-- What is expected --
Output only the lines below from the one holding "un ambiente tranquilo." down to the one holding "Vendo targhetta originale", both end lines included and every picture dropped.

-- Task data --
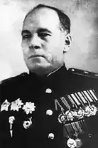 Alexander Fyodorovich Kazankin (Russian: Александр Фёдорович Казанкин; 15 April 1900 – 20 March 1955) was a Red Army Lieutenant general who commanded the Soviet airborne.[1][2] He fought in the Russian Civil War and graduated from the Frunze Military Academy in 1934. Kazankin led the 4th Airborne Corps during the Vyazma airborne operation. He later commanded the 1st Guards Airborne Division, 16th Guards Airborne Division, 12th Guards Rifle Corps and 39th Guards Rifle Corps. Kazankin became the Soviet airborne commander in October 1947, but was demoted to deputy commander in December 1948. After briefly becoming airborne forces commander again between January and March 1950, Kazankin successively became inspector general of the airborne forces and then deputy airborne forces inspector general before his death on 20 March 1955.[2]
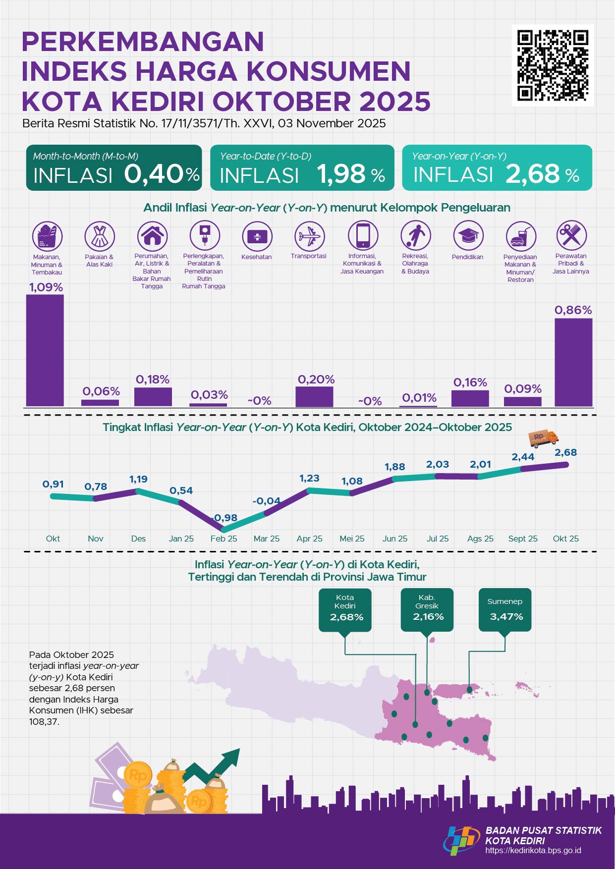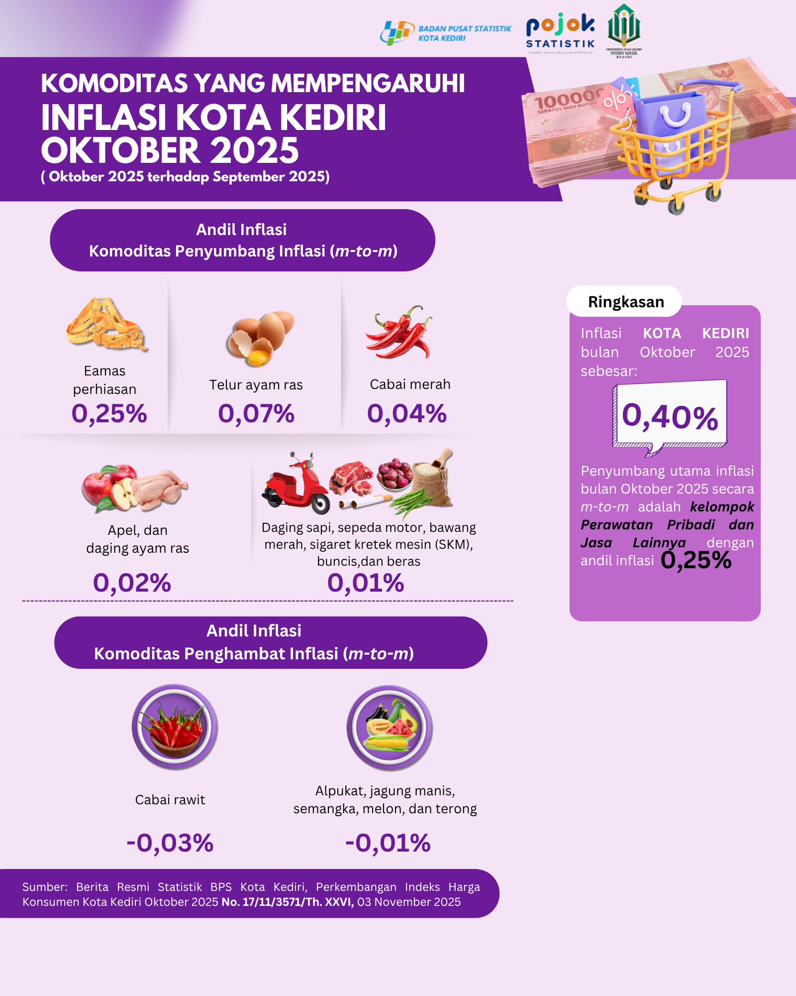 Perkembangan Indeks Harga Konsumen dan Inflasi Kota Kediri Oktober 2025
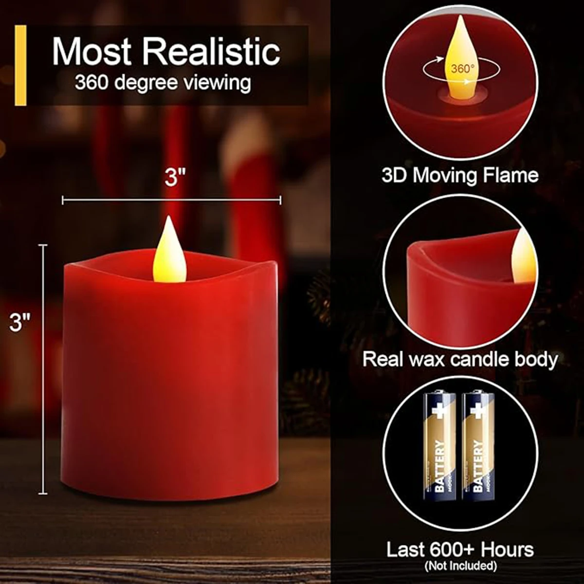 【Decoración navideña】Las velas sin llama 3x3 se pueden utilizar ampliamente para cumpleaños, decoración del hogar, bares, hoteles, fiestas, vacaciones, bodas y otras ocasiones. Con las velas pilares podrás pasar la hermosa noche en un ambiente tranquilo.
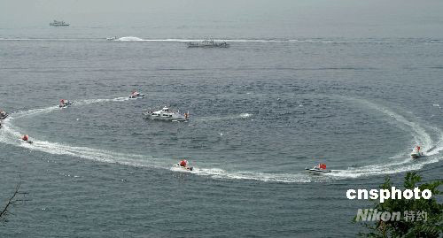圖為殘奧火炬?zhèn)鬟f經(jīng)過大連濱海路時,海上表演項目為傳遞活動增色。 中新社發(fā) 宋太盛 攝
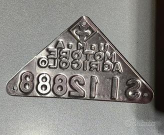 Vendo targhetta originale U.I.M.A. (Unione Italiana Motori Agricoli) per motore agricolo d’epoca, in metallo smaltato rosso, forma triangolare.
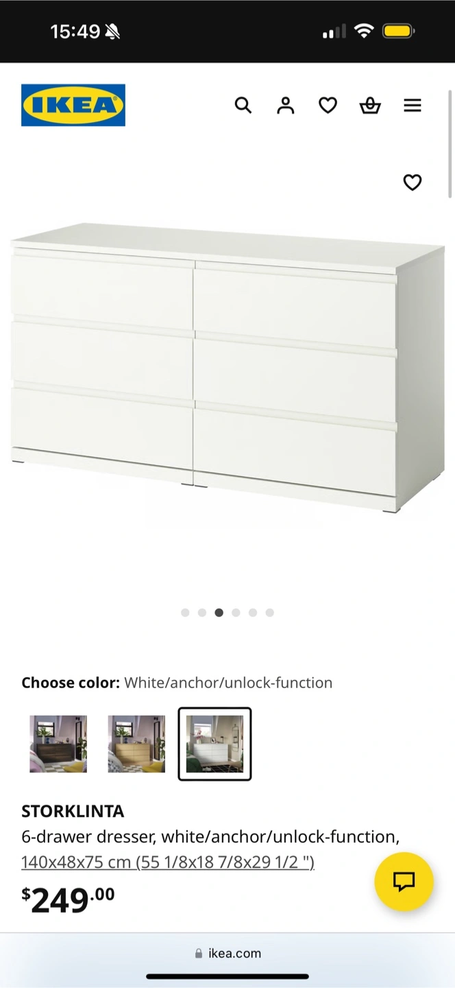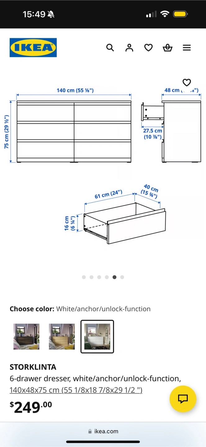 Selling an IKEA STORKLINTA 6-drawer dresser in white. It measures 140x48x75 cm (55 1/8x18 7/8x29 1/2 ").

-- Answer for this exercise --
 【Decoración navideña】Las velas sin llama 3x3 se pueden utilizar ampliamente para cumpleaños, decoración del hogar, bares, hoteles, fiestas, vacaciones, bodas y otras ocasiones. Con las velas pilares podrás pasar la hermosa noche en un ambiente tranquilo.
圖為殘奧火炬?zhèn)鬟f經(jīng)過大連濱海路時,海上表演項目為傳遞活動增色。 中新社發(fā) 宋太盛 攝
 Vendo targhetta originale U.I.M.A. (Unione Italiana Motori Agricoli) per motore agricolo d’epoca, in metallo smaltato rosso, forma triangolare.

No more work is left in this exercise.